The route for reclaiming overpayments of VAT and interest is under the statutory regime of the VAT Act and at the discretion of the Tribunal (Sections 80, 78 and 84(8) respectively). Henderson J, following the Court of Appeal decision in Monroe, held that for claims based on domestic UK law the statutory regime was exhaustive and excluded common law remedies in restitution in the High Court. This means that interest can be awarded only by way of the provisions set out in Section 78 or by the Tribunal, which generally means simple interest. Whilst there have been cases where the Tribunal has awarded compound interest, the decisions are few and far between and sometimes overturned on appeal.
However, Henderson J went on to hold that, for claims based on Community law, the exclusion of High Court restitutionary claims was overriden by the Community law requirement of an effective remedy. Community law required that taxpayers be fully reimbursed with compound interest for breaches of Community Law.
The judgment follows and amplifies the decision in Sempra, where the House of Lords held that compound interest was payable on ACT repayment claims following the Hoechst judgment. The judgment makes it clear that the entitlement to compound interest is generally available under Community law and not just in the restricted circumstances of the Sempra claim.
The basic time limits for submitting restitutionary claims is 6 years from the date the cause of action accrued, generally the date of the overpayment. However if the overpayment is made under a mistake, this period does not start until the mistake is discovered or could be reasonably discovered with due diligence. In the DMG and FII GLO cases the mistake was held not to be discovered until at least the date of the relevant ECJ judgment that had found the tax to be unlawfully levied.
That approach would not help the test claimants in the VIC GLO who had issued their claims in 2007 well outside 6 years from the dates of the relevant ECJ judgments (1996 and 97). They argued therefore that the mistake was not just as to the liability for the tax but that until the Marks and Spencer case in 2002 (rendering the 3 year cap unlawful) they were also mistaken as to the time period in which they could bring claims. They also argued that they were mistaken in not claiming compound interest until the Sempra case found it was available in 2007. Their claims were within 6 years of those dates.
The Court concluded however that a claim for compound interest on its own cannot be a free standing claim independent of the claim for the overpaid tax itself with simple interest. It has therefore found that, as the mistake as to the time period for claiming compound interest did not cause overpayments of VAT, nor did the mistake as to the availability of compound interest, they are not relevant. The only relevant mistake that VAT was due was discovered following the ECJ’s judgments in 1996 and 97. The claims were therefore out of time..
Implications for both VAT and Direct Tax Claims
We do not know yet whether the Claimants will appeal. It is arguable that the time limit should be overridden in circumstances where the Claimants were not aware until the date of Henderson J’s judgment that they had a remedy in restitution.
If the Claimants do appeal then a crossappeal by the Revenue on the compound interest point seems inevitable.
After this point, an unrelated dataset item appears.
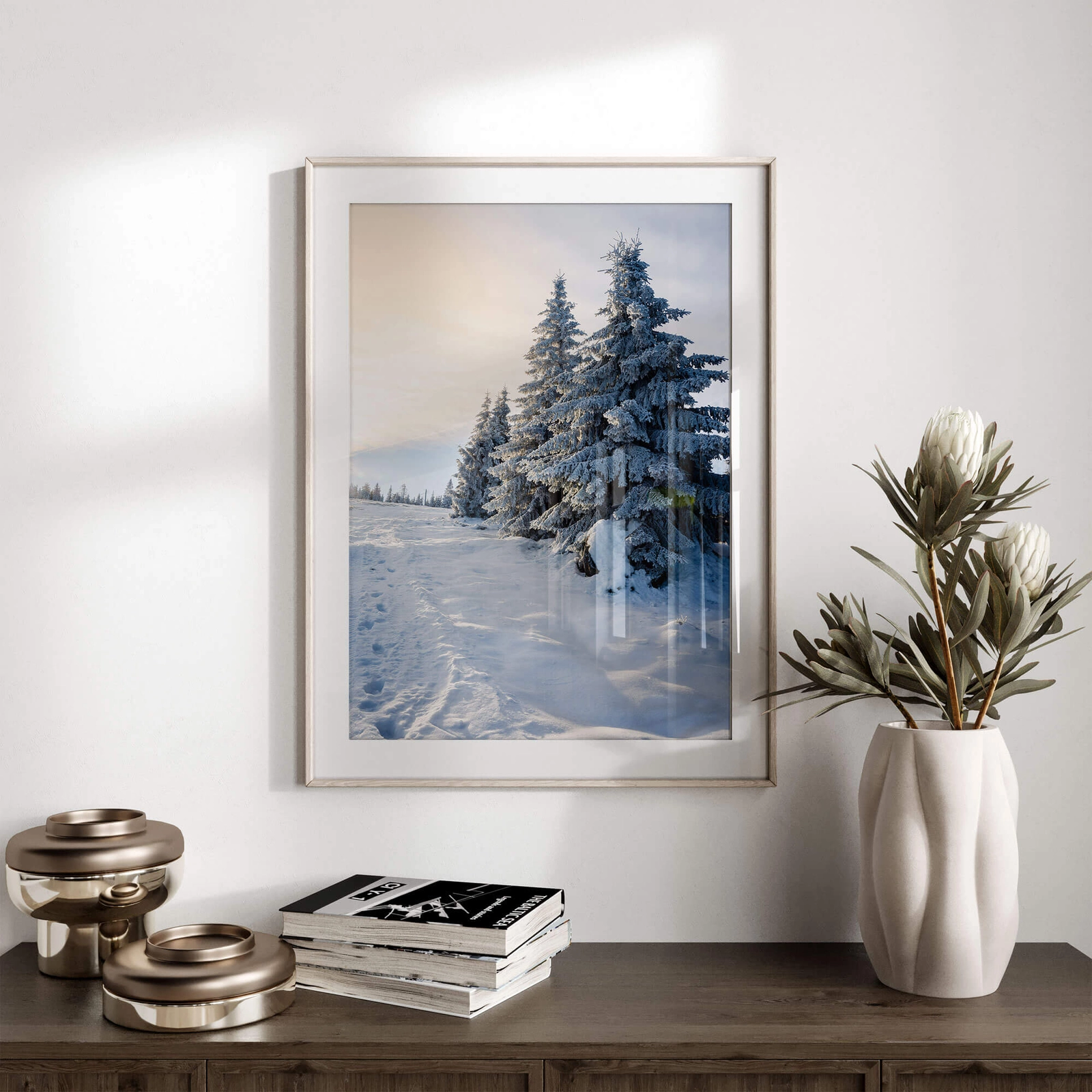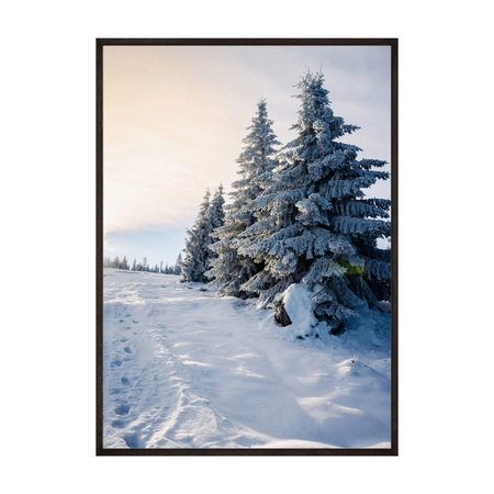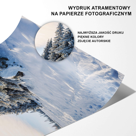 - Plakat zaśnieżone świerki to piękny, zimowy plakat, na którym główny plan tworzą pokryte śniegiem drzewa świerkowe skąpane w promieniach słońca. Ten plakat emanuje wręcz zimową i czarującą atmosferą.

The fact that it was upheld as a Community law entitlement is bad news for the Revenue because it means it cannot be reversed by Parliament.
The judgment confirms advice we have previously given that claims for compound interest are not standalone claims but should be combined with claims for restitution of the overpayment (or time value if the tax has already been repaid). Where we have already made claims for clients, they have been made on that basis.
Clients considering making new claims should bear in mind that, as the law stands, they must be brought within 6 years of the discovery of the mistake which led to the overpayment of tax, e.g. discovery of the ECJ judgment finding the UK rules unlawful. Clients may wish to review recent developments which have given rise to VAT repayments in the light of the judgment.
Claimants making High Court claims should also consider making parallel statutory claims to cover the eventuality that higher courts uphold the requirement for compound interest claim but insist relief be obtained through the statutory route under Autologic principles. In this way they can be fully protected.
For existing or new claims that are within time there may be the possibility of seeking an interim payment at this stage.
For direct tax claims based on EU law the judgment is helpful because it establishes that entitlement to compound interest arises from EU law and that the right relates not merely to the calculation of the Hoechst time value component of claims but to claims for interest on overpaid tax in general.